Часов?! А ведь верно. Вчера кузнец объявил, что свадьбе быть сегодня. Значит, быть. Теперь точно быть, уже ни сбежать не получится, если чуда не случится, ни придумать что-то, что отменило бы церемонию. Сказаться больным? Не пройдет, надо было притворяться с утра. Признаться, что мы не брат с сестрой? Ага, добро пожаловать на проктологические процедуры методом Буратинова носа.
Нас позвали минут через десять. Красная, как осенний клен, Люба стояла посреди передней, а Марианну как раз выводили из женской половины дома, как я уже с полной уверенностью именовал заднюю комнату – место ночевки моей пышной невесты. Остап Бендер сбежал от мадам Грицацуевой наутро. Настолько хватит меня?
Гм. А если не сбегу?
– Мы проверили, устои не нарушены, кузнец и молодой человек проявили выдержку сами и в отношении избранниц тоже могут быть уверены – жены у них будут правильные, – объявил Аким. – Вечером будет свадьба.

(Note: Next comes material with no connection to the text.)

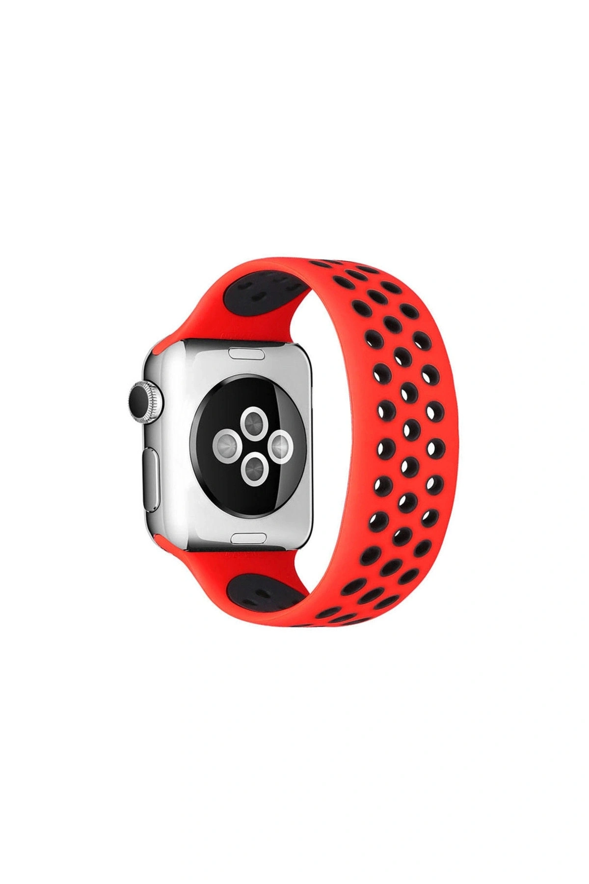 Watch 42mm Ayarlı Delikli Silikon Kordon (SAAT DEĞİLDİR) - Kırmızı-siyah

– Будут свадьБЫ, – выделив окончание, поправил Немир.
Добродушие, слаще чем сгущенка, разлилось по лицу Акима:
– СвадьБА. Во время ежелунных жениться запрещено. Если не нарушишь устоев и правильно решишь нашу общую проблему, в скором времени возможна еще одна, а пока я все сказал. Не забывай, кузнец, за тобой приглядывают. Кстати. – Пухлые губы толстяка приблизились к уху Немира: – Спасизадка пусть живет, но, если что, про налоги не забывай.